- Directed by: Ruggero Dipaola [it]
- Screenplay by: Heidrun Schleef Luca De Benedittis Ruggero Dipaola
- Produced by: Ruggero Dipaola
- Starring: Richard Sammel Gerasimos Skiadaresis Laura Morante
- Cinematography: Vladan Radovic
- Edited by: Roberto Missiroli
- Music by: Enzo Pietropaoli
- Release date: 2011;
- Language: Italian

= Apartment in Athens =

2012 drama film

Apartment in Athens (Appartamento ad Atene) is a 2011 Italian war drama film produced, co-written and directed by Ruggero Dipaola, in his feature film debut. It is an adaptation of the 1945 novel of the same name by Glenway Wescott.

== Plot ==
The Helianos are a family living during the Nazi occupation of Greece. They receive a visit from Captain Kalter, an arrogant German Wehrmacht officer looking for an apartment to live in. Kalter requisitions the best room and forces the couple—who had previously lost a son in the Battle of Olympus—to make do with a rickety cot in the kitchen. Their two surviving children, who still live at home, are deeply scarred by the war and the occupation: young Alex, malnourished and seething with hatred toward the Nazis, is constantly at risk of being beaten by Kalter; meanwhile, Leda—a slightly developmentally disabled and withdrawn girl—develops a peculiar soft spot for the German officer. Although Kalter remains convinced of the absolute superiority of the German race, Helianos begins to develop a sort of admiration for him. The Greek man is too absorbed in his own complex and grandiose ideas to realize the danger he is in. Upon returning from a leave in Germany utterly devastated—having simultaneously lost his wife and two children—Kalter’s attitude toward his host family undergoes a profound shift. He rejects his own daughter’s affection but offers a few kinder words to the Helianos; he even goes so far as to converse with Helianos and share the details of his personal tragedy, until the Greek man makes a fatal misstep, letting slip a remark that implicitly blames the Führer and Mussolini for the deaths of the young. The situation immediately spirals out of control; Kalter reverts to the brutal monster he once was. He denounces Helianos to the authorities and, moments later—overcome by depression—commits suicide. However, in his suicide note, he attempts to pin the responsibility for his death on Helianos’s wife, thereby seeking to utterly destroy the very family that had taken him in.

== Cast ==
- Richard Sammel as Captain Kalter
- Gerasimos Skiadaresis as Nicolas Heliamos
- Laura Morante as Zoe Helianos
- Alba De Torrebruna as Leda
- Vincenzo Crea as Alex
- Peter Boom as Major Von Roesch

== Production ==
The film was shot in 2010; the apartment interiors were reconstructed at Cinecittà, while the exteriors were filmed in Gravina in Puglia—with the historic center transformed into Athens' Plaka district—and at the edge of the ravine and within the Alta Murgia National Park.

==Reception==
Varietys film critic Dennis Harvey described the film as "a decent, well-acted drama that ably holds attention yet misses the chance to become something truly memorable".

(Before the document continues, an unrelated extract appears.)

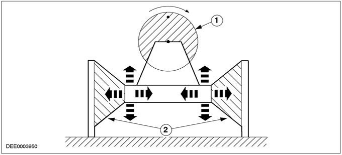 ПРИМЕЧАНИЕ: Резиновые подушки, в которых подвешивается система выпуска, также передают колебания, и при некоторых условиях также могут вызывать проблемы с шумом. По этой причине важно, чтобы система выпуска была установлена без деформаций.

The film won the awards for Best feature, Best actor (Gerasimos Skiadaresis), Best screenplay and Best cinematography at the 13th Newport Beach Film Festival, and the world cinema section awards for Best picture and Best director at the 12th Phoenix Film Festival. It was nominated at the David di Donatello awards for Best costumes (Alessandro Lai), and for Nastro d'Argento for Best actress (Laura Morante).